RECORDS SUPPLIED.
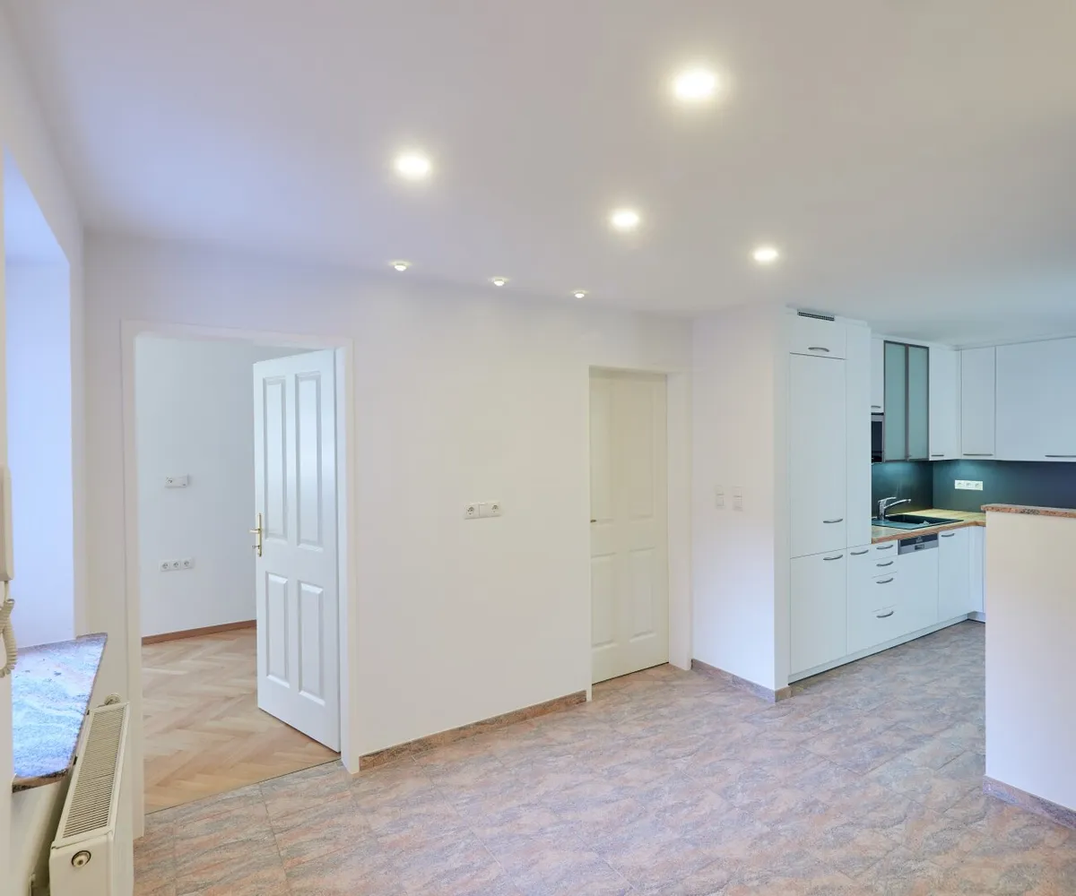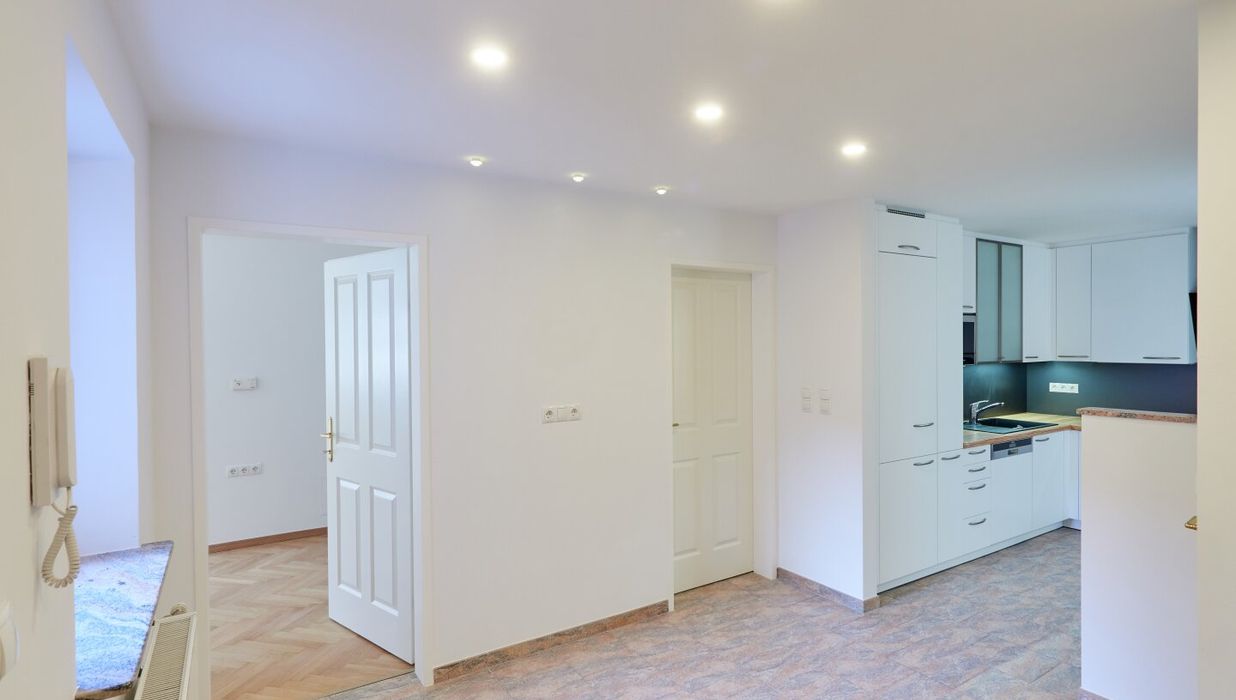 Der vormals vorhandene Schrankraum im mittleren Zimmer wurde im Zuge der Sanierung entfernt und schafft so mehr Offenheit – der aktualisierte Verkaufsplan wird noch angepasst.
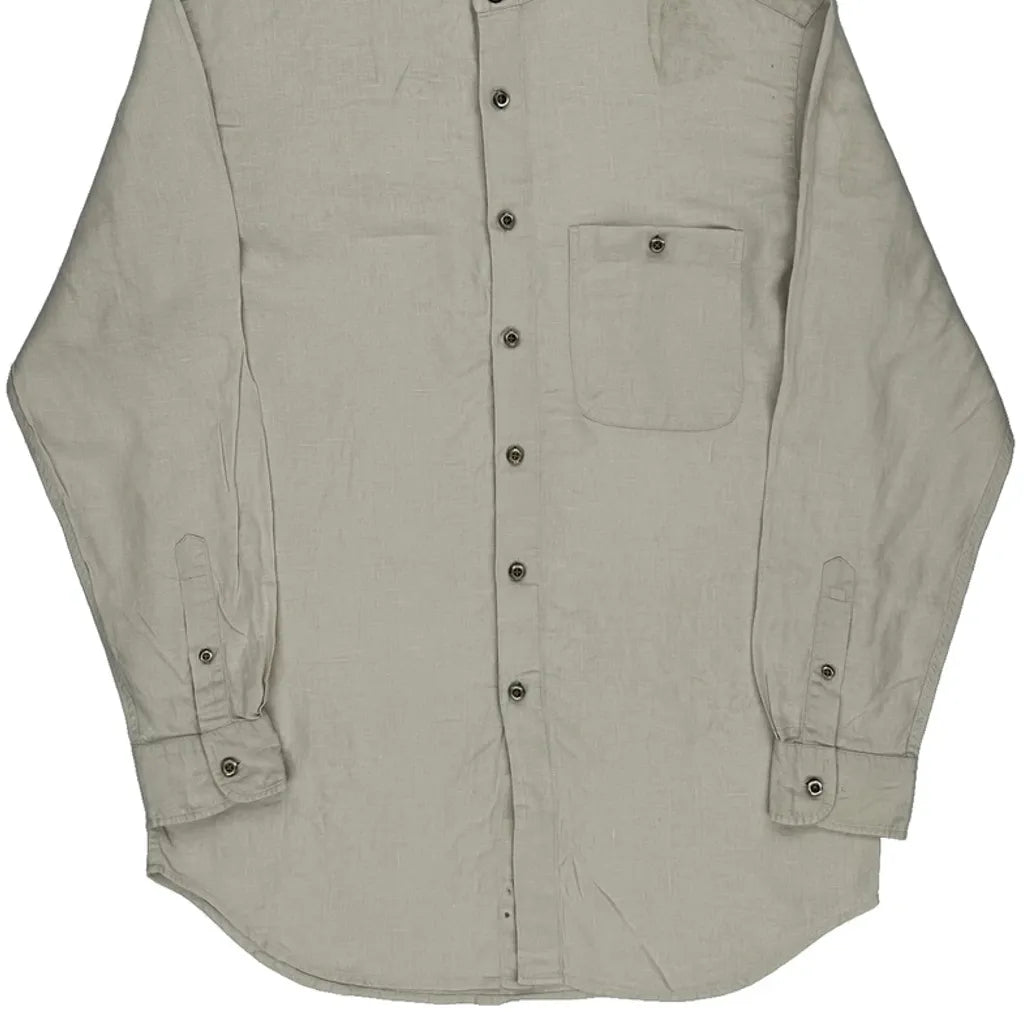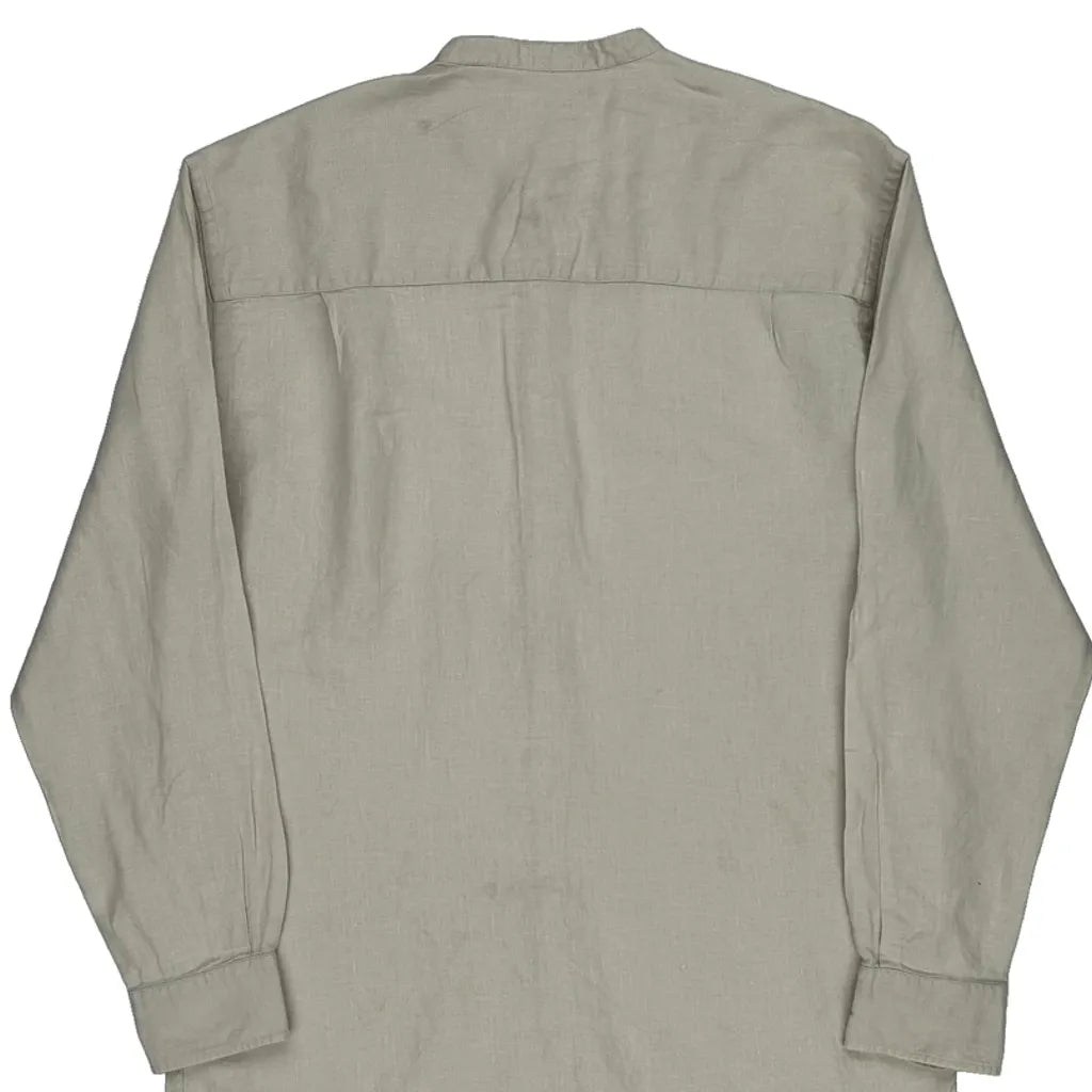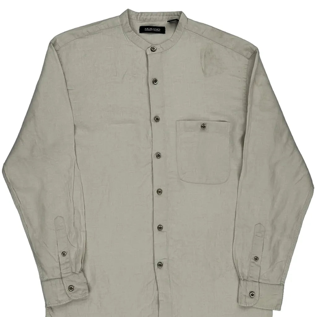 Murano Collarless Shirt - Small Cream Linen
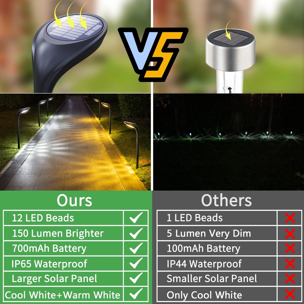 1. These solar pathway lights are fantastic! The dual lighting modes (cool and warm white) let me set the perfect mood for my garden, and the adjustable height poles make installation super flexible. They charge quickly and stay bright all night, automatically turning on at dusk. The waterproof design holds up well in rain, and the sturdy build feels durable. Perfect for lining walkways or adding ambiance to the backyard—great value for the price!
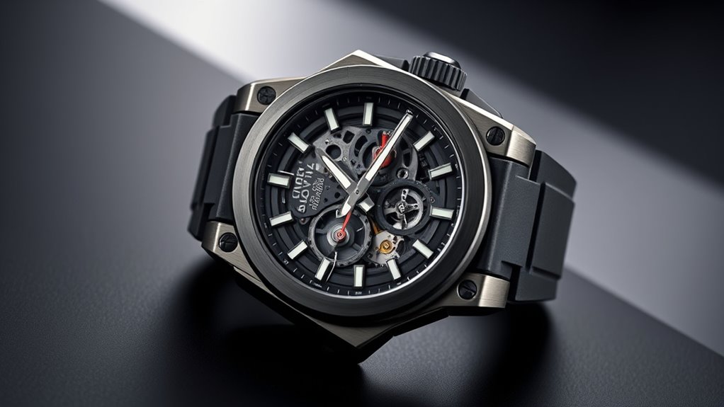 The design of the BR-X3 is inspired by aerospace technology and extreme conditions. You’ll notice its cockpit instrument aesthetic, reminiscent of spacecraft panels, and bold case architecture that mimics high-performance racing components. The multilayer construction, innovative materials like titanium and DLC coatings, and motifs linked to space exploration all emphasize durability, functionality, and an adventurous spirit, making it a striking tribute to aerospace and extreme sports engineering.
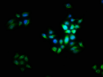 Immunofluorescence staining of PC-3 cells with CSB-PA822702LA01HU at 1:16, counter-stained with DAPI. The cells were fixed in 4% formaldehyde, permeabilized using 0.2% Triton X-100 and blocked in 10% normal Goat Serum. The cells were then incubated with the antibody overnight at 4°C. The secondary antibody was Alexa Fluor 488-congugated AffiniPure Goat Anti-Rabbit IgG(H+L).
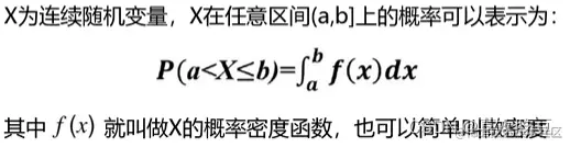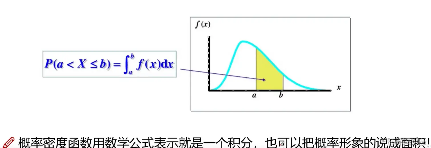 概率密度:对于连续型随机变量X,我们不能给出其取每一 个值的概率也就是画不出那个分布表,这里我们选择使用密度来表示其概率分布!

TASK GOAL. Print all records word for word, no images.

RESPONSE AREA.
 Der vormals vorhandene Schrankraum im mittleren Zimmer wurde im Zuge der Sanierung entfernt und schafft so mehr Offenheit – der aktualisierte Verkaufsplan wird noch angepasst.
 Murano Collarless Shirt - Small Cream Linen
 1. These solar pathway lights are fantastic! The dual lighting modes (cool and warm white) let me set the perfect mood for my garden, and the adjustable height poles make installation super flexible. They charge quickly and stay bright all night, automatically turning on at dusk. The waterproof design holds up well in rain, and the sturdy build feels durable. Perfect for lining walkways or adding ambiance to the backyard—great value for the price!
 The design of the BR-X3 is inspired by aerospace technology and extreme conditions. You’ll notice its cockpit instrument aesthetic, reminiscent of spacecraft panels, and bold case architecture that mimics high-performance racing components. The multilayer construction, innovative materials like titanium and DLC coatings, and motifs linked to space exploration all emphasize durability, functionality, and an adventurous spirit, making it a striking tribute to aerospace and extreme sports engineering.
 Immunofluorescence staining of PC-3 cells with CSB-PA822702LA01HU at 1:16, counter-stained with DAPI. The cells were fixed in 4% formaldehyde, permeabilized using 0.2% Triton X-100 and blocked in 10% normal Goat Serum. The cells were then incubated with the antibody overnight at 4°C. The secondary antibody was Alexa Fluor 488-congugated AffiniPure Goat Anti-Rabbit IgG(H+L).
 概率密度:对于连续型随机变量X,我们不能给出其取每一 个值的概率也就是画不出那个分布表,这里我们选择使用密度来表示其概率分布!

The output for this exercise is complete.